Water mill, Holycross, Co. Tipperary
Co. Tipperary |
Mills
Above the doorway of this two-storey mill building on the western bank of the River Suir, a carved grotesque human head stares out from the stonework.
It appears to be a modern insertion, which raises its own quiet questions: why put it there, and what, exactly, is it mimicking? The building itself is a rectangular structure measuring roughly 6.63 metres by 11 metres, with walls 0.6 metres thick, aligned northwest to southeast and sitting just west of the monastic complex at Holycross. It has been heavily repointed and repaired over the years, and most of its windows are modern rebuilds with later surrounds and lintels, giving it the slightly ambiguous quality of a building that is old in outline but extensively renewed in detail.

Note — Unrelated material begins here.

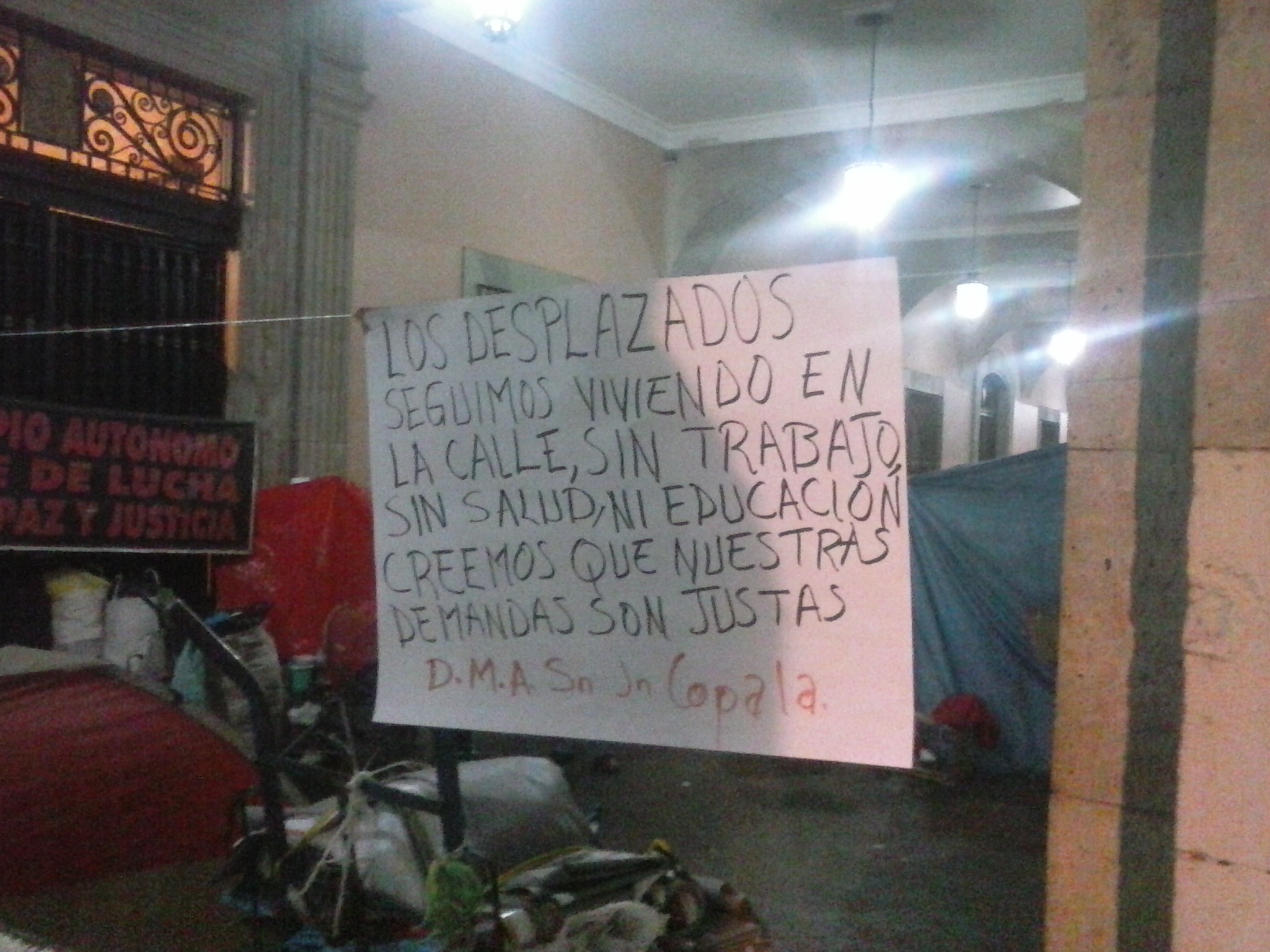 Los desplazados seguimos viviendo en la calle, sin trabajo, sin salud, ni educación. Creemos que nuestras demandas son justas. (The displaced are still living on the street, no job, no health, no education. We believe that our demands are fair.)

What makes the mill's working mechanism immediately legible is the millrace, a channel cut to divert river water, which runs parallel to the Suir before passing the southeast gable. From that gable, a wooden undershot mill-wheel, meaning one driven by water striking its lower blades rather than flowing over the top, projects outward through an opening of roughly 0.6 metres square. The Civil Survey of 1654 to 1656 records that the lands of Holycross supported two or three grinding mills and a tucking mill, the latter being a fulling mill used to clean and thicken woven cloth by pounding it in water. Whether this surviving structure is continuous with any of those recorded mills is not certain, but the documentary evidence establishes that milling was already a significant industrial activity on these lands in the mid-seventeenth century, almost certainly sustained by the same river that still runs alongside the building today.